1.3. Batasan Masalah

Berdasarkan indentifikasi masalah, maka masalah-masalah dapat dibatasi sebagai berikut: 1. Model pembelajaran yang digunakan adalah Model Pembelajaran Inquiry Training 2. Hal yang akan diteliti keterampilan proses sains 3. Variabel moderator yang akan dipakai adalah kemampuan berpikir kritis 11

1.4. Rumusan Masalah

Rumusan masalah ini dijabarkan menjadi pertanyaan - pertanyaan penelitian sebagai berikut 1. Apakah keterampilan proses sains siswa yang dibelajarkan dengan model pembelajaran Inquiry Training lebih baik dari Model pembelajaran langsung? 2. Apakah keterampilan proses sains kelompok siswa yang memiliki kemampuan berpikir kritis di atas rata-rata lebih baik dari kelompok siswa yang memiliki kemampuan berpikir kritis di bawah rata-rata ? 3. Apakah ada interaksi antara model pembelajaran Inquiry Training dan model pembelajaran langsung dengan kemampuan berpikir kritis dalam meningkatkan keterampilan proses sains?
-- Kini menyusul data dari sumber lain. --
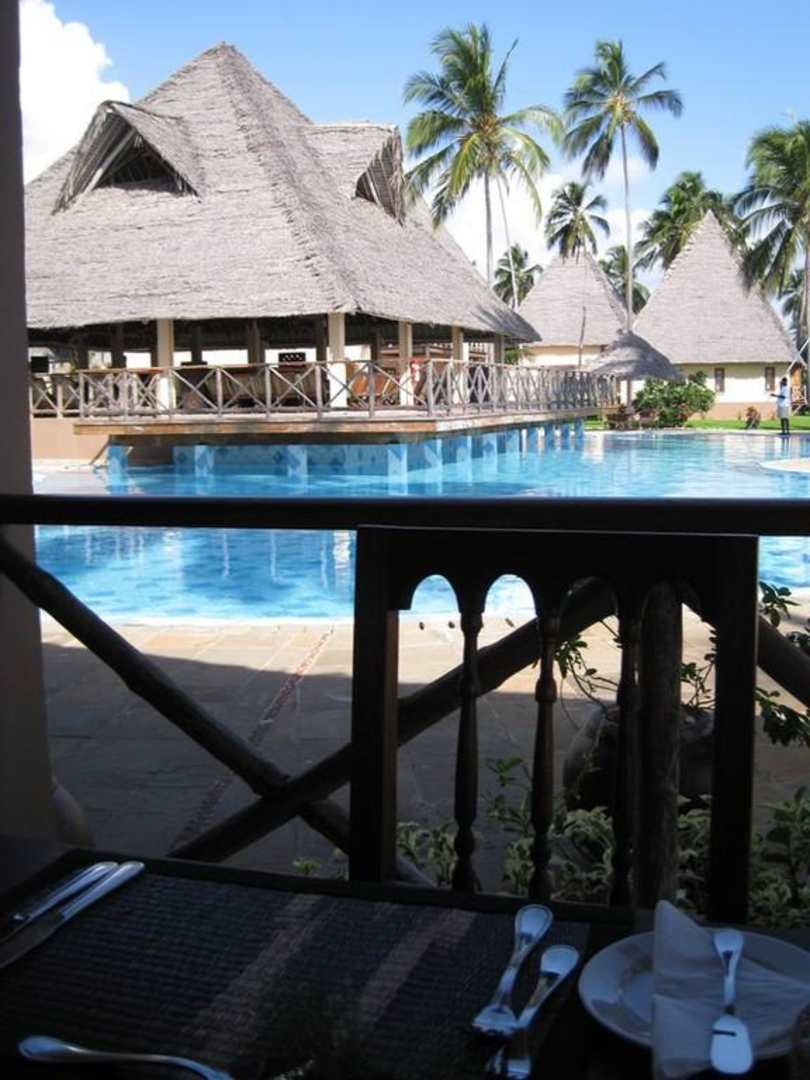 Blick von Restaurant zum Pool bzw. zur Bar Neptune Pwani Beach Resort & Spa

1.5. Tujuan Penelitian Adapun yang menjadi tujuan dari penelitian adalah :

1. Untuk mengetahui bahwa keterampilan proses sains siswa yang dibelajarkan dengan model pembelajaran Inquiry Training lebih baik dari Model pembelajaran langsung 2. Untuk mengetahui bahwa keterampilan proses sains kelompok yang siswa memiliki kemampuan berpikir kritis di atas rata-rata lebih baik dari kelompok siswa yang memiliki kemampuan berpikir kritis di bawah rata- rata. 12 3. Untuk mengetahui interaksi antara model pembelajaran Inquiry Training dan model pembelajaran langsung dengan kemampuan berpikir kritis dalam meningkatkan keterampilan proses sains siswa.

1.6. Manfaat Penelitian

Hasil dari pelaksanaan penelitian ini diharapkan dapat memberi manfaat: 1. alternatif bagi guru untuk menentukan metode pembelajaran. Dengan mengetahui keterampilan meneliti siswa maka guru dapat memilih metode pembelajaran yang tepat. 2. Hasil penelitian dapat memberikan sumbangan teoritis bagi masyarakat, guru yang memerlukan pembahasan dasar teori bagi penelitiannya, baik untuk pengembangan pembelajaran maupun penyelesaian tugas akhir.

1.7. Defenisi Operasional

Untuk menghindari persepsi yang berbeda digunakan dalam penelitian ini, dipandang perlu memberikan defenisi secara operasional terhadap istilah-istilah yang perlu. Defenisi operasional digunakan dapat dijelaskan sebagai berikut : 1. Keterampilan proses sains dalam penelitian ini ialah mengamati, menggolongkan, menafsirkan, meramalkan, menerapkan, merencanakan penelitian, dan mengkomunikasikan. 2. Model pembelajaran Inquiry Training dirancang untuk membawa siswa secara langsung ke dalam proses ilmiah melalui latihan-latihan yang dapat memadatkan proses ilmiah tersebut ke dalam periode waktu yang singkat. Fasee dari model pembelajaran Inquiry Training yaitu 1. menghadapkan pada masalah, 2.pengumpulan data verifikasi, 3.pengambilan data, 13 4.mengolah dan memformulasi suatu penjelasan, dan 5.analisis proses ilmiah.

3. Kemampuan berpikir kritis adalah kemampuan untuk mengaplikasikan

rasional, kegiatan berpikir yang tinggi, yang meliputi kegiatan menganalisis, mensintesis, mengenal permasalahan dan pemecahannya, menyimpulkan, dan mengevaluasi.